While fully acknowledging the importance of aviation security, the Commissioner felt it was opportune to point to the effects of undermining legal certainty and violating constitutional guarantees which stem from this document, as the "system" put in place pursuant to it is absolutely inconsistent with explicit constitutional provisions.
In September 2015, the Government passed the National Aviation Security Programme and classified it as "TOP SECRET." The Commissioner was not aware of the existence of this document until May 2016, when he learned about it through official correspondence with joint-stock company AIR SERBIA a.d. Belgrade, after which he obtained the text of the document from the Government's General Secretariat. On this occasion, the Commissioner did not examine the reasons for classifying the document as "TOP SECRET" and merely noted it was disputable.
The said document incorporates Appendix III-1-V titled "Instructions on Security Clearance Checks", which contains a description of security clearance checks, identifies the national authorities in charge of conducting the security clearance checks and the categories of staff subject to security clearance checks, defines the process of filing requests and provides for procedural issues concerning the conduct of security clearance checks.
The Constitution of Serbia (Article 42) guarantees personal data protection and provides that collecting, keeping, processing and use of personal data must be governed by law.

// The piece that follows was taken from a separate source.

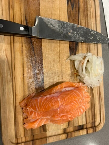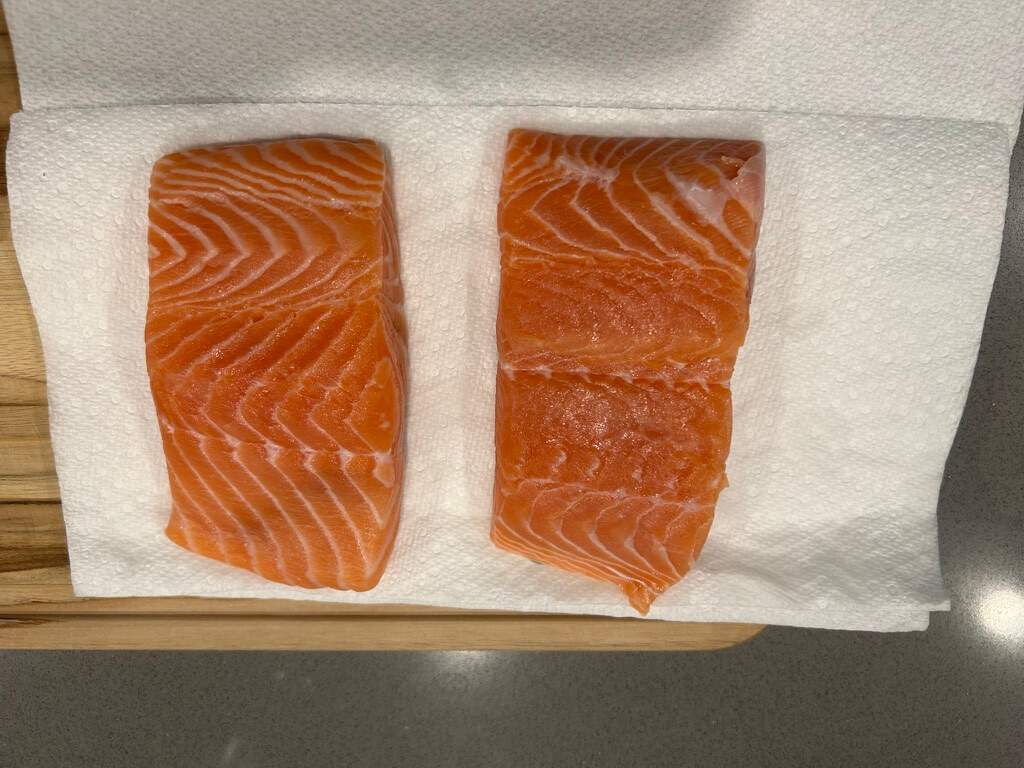 1. 연어는 물에 한번 씻어 키친타월에 물기를 제거해 준비해 줍니다.
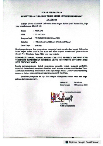 ARIYANI, - (2025) PENGARUH MODEL PEMBELAJARAN CREATIVE PROBLEM SOLVING (CPS) TERHADAP KEMAMPUAN BERPIKIR KRITIS MATEMATIS DITINJAU DARI SELF EFFICACY SISWA. Skripsi thesis, Universitas Islam Negeri Sultan Syarif Kasim Riau.

In a case pursuant to a motion filed by the Commissioner, the Constitutional Court reaffirmed in its Decision IUz No. 41/2010 of 30 May 2012 "... that only a law can provide for a basis of personal data processing", i.e. such data cannot be processed on the basis of secondary legislation.

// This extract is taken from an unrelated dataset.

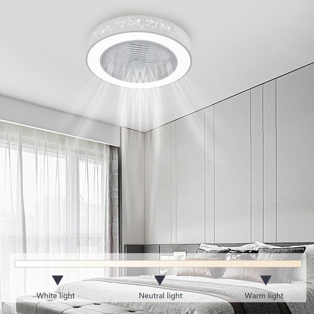22" Ultra-thin LED Ceiling Fan Light Remote Control Flush Mount Ceiling Fan Lamp Description This ceiling fan light will bring a cool breeze and soft light to your home, making your room more cozy and warm. It comes with six wind speeds, which can bring you a comfortable and controllable wind. The infinitely dimmable function meets your different lighting needs. The remote and App control methods provide you with a high-quality and convenient life. Key Features Build to Last: Made of high-quality iron, ABS, and PVC materials with the matt paint process, this product is resistant to corrosion, rust, and abrasion and has a long service life. Stylish Appearance: The round lampshade with flower patterns brings this product a beautiful appearance, and such an eye-catching outlook will add a touch of elegance to your room and show your good taste to your guests. Dimmable Light: The product comes with three color temperature adjustments (3000K, 4200K, 6500K) and step-less control of the light brightness, which can create the atmosphere you need. Excellent Fan Performance: The product comes with an air guide wheel function to spread the wind evenly throughout the room. In addition, you can adjust the six wind speeds and the reversible function to meet your needs. Thoughtful Design: The 2-hour timer function allows you to fall asleep with a cool breeze. The memory function adds even more convenience by saving you the time of setting the ceiling fan light each time you turn it on. Smart Control: The product allows you to easily control and adjust the fan and light modes via remote control and APP, adding to your life extra convenience. High Safety: The fan blades are hidden inside a round cover, which can avoid accidents caused by getting caught in the blades, making it much safer than traditional fans. Easy to Clean: The smooth surface and simple structure allow you to remove the dust on the surface of this light with a towel. Ideal Gift: With practical function and a beautiful appearance, it can be an ideal housewarming gift for your friends, families, and colleagues. Details Copper Motor: The copper motor is sturdy and durable, and will provide the fan with strong power and a low noise(about 40db) during running. Rounded Edges: The burr-free edges can effectively protect your hands and skin from being scratched during installation or cleaning. Application It is suitable for rooms with 161.46-269ft² areas such as living rooms, bedrooms, kitchens, dining rooms, entrances, hallways, foyers, doorways, basements, restaurants, cafes, stores, children's rooms, and nurseries. Specifications Color: White Material: Iron, ABS, PVC Process: Matt Paint Motor Type: Copper Motor Mount Type: Ceiling Mounted Light Source: COB Voltage: 110V Efficiency: E Fan Speed Gears: 6 Time Setting: 2H Motor Power: 15W Motor Speed: 950rpm Noise: About 40dB Brightness Adjustable Range: 60LM Three Adjustable Color Temperature: 3000K, 4200K, 6500K Illumination Area: 15-25㎡/161.46-269ft² Suitable Room Height: 2.6m/8.53ft Battery Type: 2*AAA Batteries(Not Included) Remote Control Distance: 5-10m/16.4-32.8ft Product Size(D*H): 55*22cm/21.65*8.66inch Packaging Size: 52*52*25cm/20.47*20.47*9.84inch Gross Weight: 4kg/8.82lbs Net Weight: 3kg/6.61 Package Included 1*Ceiling Fan Light 1*Remote Control Other Accessories for Installation Notes Please check the size carefully before ordering. The remote control does not include batteries, so you need to prepare 2 AAA batteries yourself. For a safe and secure installation, please make sure that all wires are connected and all screws are tightened into the ceiling. When unpacking, be careful not to pull with the wires as a bad connection may result. Please do not turn on the power until fully assembled. Please conduct a power test before installation. We recommend installation by professionals. Please do not install it next to the air conditioner or heater, which will affect the service life of the product. Please wear electric insulation gloves (not included) and avoid scratching the surface of the product and the electric wire when installing. Please use this item within the applicable voltage range and clean it regularly. Please wipe with a soft cloth, it is not suitable to clean with cleaning agents. Please allow the slight color difference caused by the shooting light and 1-3cm error due to manual measurement, and make sure you do not mind before you order. Payment Delivery details Terms of sales About us Contact us Payment We accept ebay payment 。 Fees such as import duties, taxes are not included in the item price or shipping costs. These charges are the buyer's responsibility. Delivery details Shipping: 2-9 working days to: USA Terms of sales We maintain high standards of excellence and strive for hundred percent customer satisfaction. Feedback is very important to us. We hope that you contact us immediately before you give neutral or negative feedback, so that we can address your concerns. It is impossible to address issues if we do not know about them! About us Your satis faction is our ultimate goal. We work hard to earn your trust and future business. Our certified technicians have tested each item before shipping. The unit comes with 1 year limited warranty on all manufacturing defects. a) If you receive a defective item, you may return it or ask for a discount. Please contact us within 14 days after you receive the package. b) What you returned must be intact and in its original packaging as re? u. Customer is responsible for shipping costs of the returned item. c) We will cover the cost of shipping back t with the shipping rate indicated in the registration page. We will send you a new unit or refund the full payment you paid. Thank you. Contact us Business Hour Business Hour: Monday To Friday: 8:30 AM to 5:00 PM (Beijing China time) Due to time zones, our reply to your questions may not be immediately. But within above working time, we will reply your email within 24 ho

The National Aviation Security Programme passed by the Government has never been published and is not even a legal instrument; accordingly, it most certainly cannot provide a legal basis for personal data processing.
In addition to these objections on principle, in his extensive letter the Commissioner also noted the legal confusion recognized in the Instructions, namely the fact that two different forms of personal data processing are both referred to as "security clearance checks", although they differ significantly.
The Commissioner demanded of the Government to repeal the section of the National Aviation Security Programme set out in Appendix III-1-V and to provide for those security clearance checks it considers necessary through amendments to the Air Traffic Law, as it is authorised to propose laws.
The Commissioner notes that this situation, just like other similar situations we have faced and which we will unfortunately become increasingly common, is a direct consequence of the lack of a strategic, well-designed and coordinated approach to issues in the field of personal data protection at the overall government level and once again calls on the Government to pass an Action Plan to implement the Personal Data Protection Strategy, which has been delayed for inexcusably long, and to finally begin implementing the Strategy, which was adopted as early as in 2010.